According to the guidelines, high-risk patients with a family history of pancreatic cancer are recommended to undergo screening with endoscopic ultrasound, endoscopic ultrasound with MRI, or MRI alone, depending on patient preference or test availability. Screening is also recommended for people with pathogenetic variants of BRCA1 and BRCA2.
Endoscopic ultrasound is preferred for initial screening and in patients with the highest risk of pancreatic cancer (for example, Peutz-Jeghers syndrome or familial atypical nevi and melanoma syndrome), in cases where endoscopic ultrasound can be combined with gastroscopy or colonoscopy (for example, with Lynch and Peutz-Jeghers syndromes) and if the patient is contraindicated for MRI.
Patients at high risk of adverse events during anesthesia or invasive procedures and those who prefer to avoid invasive procedures are recommended to use MRI. In addition, MRI is recommended if the study can be combined with other imaging methods (enterography for Peutz-Jeghers syndrome).
Screening is recommended annually.
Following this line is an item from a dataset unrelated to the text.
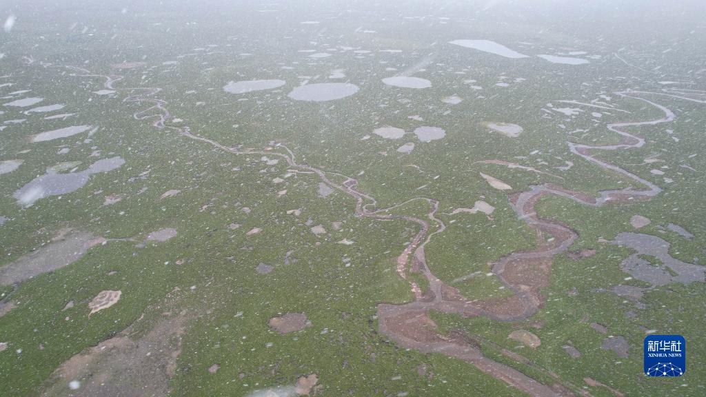 風(fēng)雪彌漫中的當曲濕地(7月24日攝,無(wú)人機照片)。
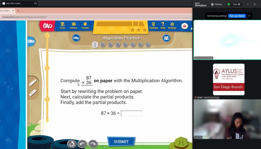 Beast Academy is a mathematics program for elementary and middle school students, and highly qualified high school volunteers will be teaching the Beast Academy curriculum. Currently at the San Diego Branch, enough students have signed up for this course for it to be offered in five levels: 1, 2, 3, 4 and 5. Through tutoring sessions hosted virtually over Zoom, our volunteers teach students numerous informative mathematical concepts that help to bolster problem-solving skills and improve their mathematical knowledge.

The age of its onset is determined individually depending on genetic characteristics.
Patients with pathogenetic variants BRCA2, BRCA1, PALB2, familial pancreatic cancer syndrome, with a pathogenetic variant with heterozygous mutations in the ATM gene and with Lynch syndrome, if pancreatic cancer is detected in first- and second-degree relatives, are advised to begin screening at the age of 50 years or 10 years earlier than the youngest age of detection of pancreatic cancer in relatives.
For familial atypical nevi and melanoma syndrome, screening should begin at age 40 years or 10 years earlier than the youngest age of detection of pancreatic cancer in relatives.
For Peutz-Jeghers syndrome, it is recommended to begin screening at the age of 35 years or 10 years earlier than the youngest age of detection of cancer in relatives.
For the autosomal dominant type of hereditary pancreatitis, screening should begin at age 40 years.